眞子さまの結婚は、なぜ許されないのか? 皇室典範の立法者意思は明確である


文/小内誠一

眞子さまの自由意思はどこまで許されるのか?

秋篠宮家の長女・眞子さまが「結婚は生きていくうえで必要な選択です」と語った13日。それから一週間後の20日は、秋篠宮殿下が誕生日会見に臨まれ「二人の結婚を認める」と正式にこれを認めた。というのも「憲法には、婚姻は両性の合意のみに基づいて成立」と書いてあるからだという。

憲法が認めるから、眞子さまと小室圭さんの結婚を認める——言い換えれば「憲法の建前がなければ二人の結婚は認めない」——そう秋篠宮殿下は仰ったことになる。事実、殿下は「決して多くの人が納得し喜んでくれている状況ではない」と述べた。この発言は2018年の誕生日会見で「多くの人がそのことを納得し喜んでくれる状況、そういう状況にならなければ、私たちはいわゆる婚約にあたる納采の儀というのを行うことはできません」と仰ったことが背景にある。

つまり秋篠宮殿下は「憲法を建前に結婚は認めざるを得ないが、イエとして執り行う婚約(納采の儀)はできない」という見解を述べたということになる。

憲法第24条には「婚姻の自由」が定義され、戦前のように家長の許可がなくても二人の合意さえあれば結婚はできる。慣習として結婚にはイエとイエのお付き合いという側面が色濃く残っているものの、結納や結婚式、披露宴といった婚姻行事を行わずに結婚する人も多くなっている。もちろん格式の高いイエになればなるほど結納など婚姻儀式を欠かさず執り行う傾向がある。日本最高の格式(?)を誇る皇室が、婚約(納采の儀)を執り行わないとなれば、まさに前代未聞の事態になるだろう。

笑顔麗しい眞子さま。自信満々なお姿に国民は大喜びだ——ならよいのだが。


納采の儀はハウスルールだが、法的根拠がある

一部週刊誌(週刊文春2020年12月10日号)などで「結婚は両性の自由、婚約にあたる“納采の儀”は法的根拠を持たない“慣習”にすぎないので執り行う必要はない」という論調を見かけるが、これは半分正解で、半分間違っている。

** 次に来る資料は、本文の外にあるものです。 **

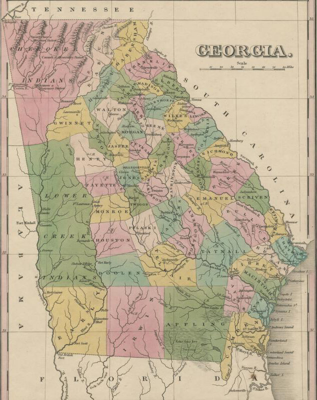 | Anthony Finley, Map of Georgia, 1824, from The New General Atlas, Birmingham Public Library Cartography Collection, digitized by the University of Alabama. |

“納采の儀”を執り行う必要は必ずしもないが、これを行うことは婚約決定したことが法的に認められることになる。

いわゆる“納采の儀”(結納)は「結納等の法的性質は婚約の成立を確証し、あわせて婚姻が成立した場合に当事者ないし当事者両家間の情誼を厚くする目的で授受される一種の贈与」(福岡地裁小倉支部、昭和48年2月26日)や「婚姻の成立を確証し、あわせて、婚姻が成立した場合に当事者ないし当事者両家間の情誼を厚くする目的で授受される一種の贈与」(最高裁、昭和39年9月4日判決)と法的根拠を持つ。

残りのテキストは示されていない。